Neville, o diretor, disse que enquanto desenvolviam a ideia, eles voltavam aos três pilares deste filme: a composição, a relação entre The Edge e Bono e a Irlanda. O filme resultante é uma visão incrível do processo de pensamento criativo aproveitado por alguns dos músicos de maior sucesso de todos os tempos. Bono e The Edge se abrem como nunca antes sobre composição, como a religião impactou seu trabalho e seu legado. Neville explicou que o principal motivo pelo qual o U2 fez isso não foi para promover um álbum, mas porque deu a eles a oportunidade de "pensar e falar sobre composição de uma forma que nunca haviam falado antes".
"Uma das críticas ao U2 ao longo do tempo é que eles são uma banda que se preocupa mais com o som do que com as canções, o que não acho que seja totalmente verdade", admitiu Neville, antes de continuar: "Acho que o que esse processo pode fazer é que pode revelar algo que talvez tenha sido um pouco enterrado na produção, mas quando você o desnuda, há um tipo diferente de poder ali".
As revelações espalhadas ao longo do documentário não são apenas sobre músicas e letras. Em um momento particularmente sincero, Bono admite que seu ativismo político, que ganhou as manchetes, prejudicou seu relacionamento com seus companheiros de banda. "Eu nunca vi uma entrevista como esta", comentou Wilkes sobre a vontade do vocalista de baixar a guarda e simplesmente falar.
O show apresentado no filme é de alguma forma incrível e discreto. São algumas dezenas de pessoas em uma sala ouvindo uma banda de rock despir os sucessos e reconstruí-los novamente em algo familiar, mas novo. "A ideia era mais 'Vamos fazer você se sentir como se estivéssemos apenas documentando o que está acontecendo', versus 'Agora estamos no show e agora será apresentado a você'", revelou Wilkes.
O U2 também visita um pub local no filme, onde eles e outros músicos irlandeses amados - como Glen Hansard e Dermot Kennedy - apenas se divertem em uma espécie de jam session.

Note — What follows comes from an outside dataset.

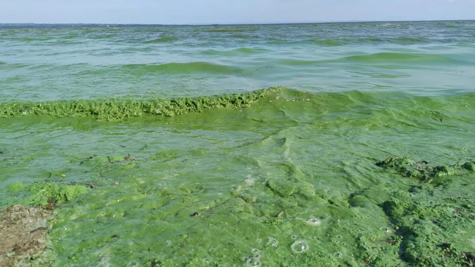 The blue-green algae on Lough Neagh at Battery Harbour in August

Novamente, por fora, parece simples e até comum, mas na verdade está longe disso. De todas as coisas que ele testemunhou enquanto fazia este filme, Neville revelou que aquelas apresentações no pub permanecerão com ele "pelo resto da minha vida".
Neville e Wilkes compartilharam uma história favorita da produção, que não está clara para quem está assistindo. A certa altura, Letterman visita o Forty Foot de Dublin - essencialmente uma praia da cidade. Mais tarde, Wilkes e Neville contam a Bono que, enquanto estava lá, as ondas frias do oceano atingiram o anfitrião, o que o roqueiro achou divertido. No dia seguinte, Bono e The Edge tocaram para Letterman uma música que eles passaram a noite inteira escrevendo sobre aquela experiência. Mais tarde, eles compartilharam com ele uma versão totalmente produzida - e um presente incrível. Letterman ficou tão emocionado que insistiu em voltar para Dublin em janeiro para receber aquela música. O filme termina com ele mergulhando nas águas geladas, tornando-se assim totalmente o Forty Foot Man sobre o qual Bono cantou em uma música que talvez nunca veja a luz do dia.